Com as eleições de 2026 se aproximando, o pronunciamento de Lula teve forte cunho político. O presidente atacou figuras da direita, incluindo o deputado Eduardo Bolsonaro (PL-SP), filho do ex-presidente Jair Bolsonaro. Lula criticou a atuação de Eduardo nos Estados Unidos, acusando-o de trabalhar contra os interesses do Brasil.

Motta responde a crítica de Lula ao Congresso: “Acredito que foi direcionada à extrema direita”

O presidente da Câmara dos Deputados, Hugo Motta (Republicanos-PB), respondeu às críticas feitas pelo presidente Luiz Inácio Lula da Silva (PT) ao Congresso Nacional na quarta-feira, 15. Em evento no Rio de Janeiro, Lula declarou que o Congresso “nunca esteve em um nível tão baixo”.

Em entrevista à GloboNews, Motta sugeriu que a crítica de Lula foi direcionada à extrema direita. “Acredito que o presidente se referiu à extrema direita ao falar do Congresso. Caso tenha incluído o Congresso como um todo, discordo totalmente, pois aprovamos quase todas as propostas enviadas pelo governo, com ajustes, especialmente na agenda econômica”, afirmou.

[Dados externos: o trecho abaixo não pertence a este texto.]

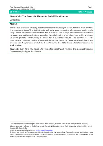 Pulla, Venkat (2024) 'Buen Vivir': The Good Life Theme for Social Work Practice. Space and Culture, India, 11 (4).

Motta defendeu a necessidade de evitar extremismos. “Vemos parlamentares criticarem o governo com veemência, e essa polarização, entre um presidente de esquerda e uma extrema direita combativa, tem elevado o tom das críticas em vários momentos”, analisou.

As declarações de Lula foram feitas durante um evento em comemoração ao Dia dos Professores. “Hugo (Motta) sabe que o Congresso nunca teve um nível tão baixo. A extrema direita eleita em 2022 é o pior que existe. Não podemos ter presidentes que negam a Covid-19, a vacina, distribuem remédios ineficazes e têm ministros da Saúde que não entendem nada do assunto”, disse Lula.

No mesmo evento, Motta foi vaiado por uma plateia de educadores, que também gritou “sem anistia”, em alusão a um projeto de lei em tramitação na Câmara. Em sua fala, o presidente da Câmara destacou a aprovação do Sistema Nacional de Educação e o Plano Nacional de Educação, recebido pela Casa na terça-feira, 14. Segundo o Estadão, Motta tem priorizado pautas da educação básica após desgastes, como o da PEC da Blindagem.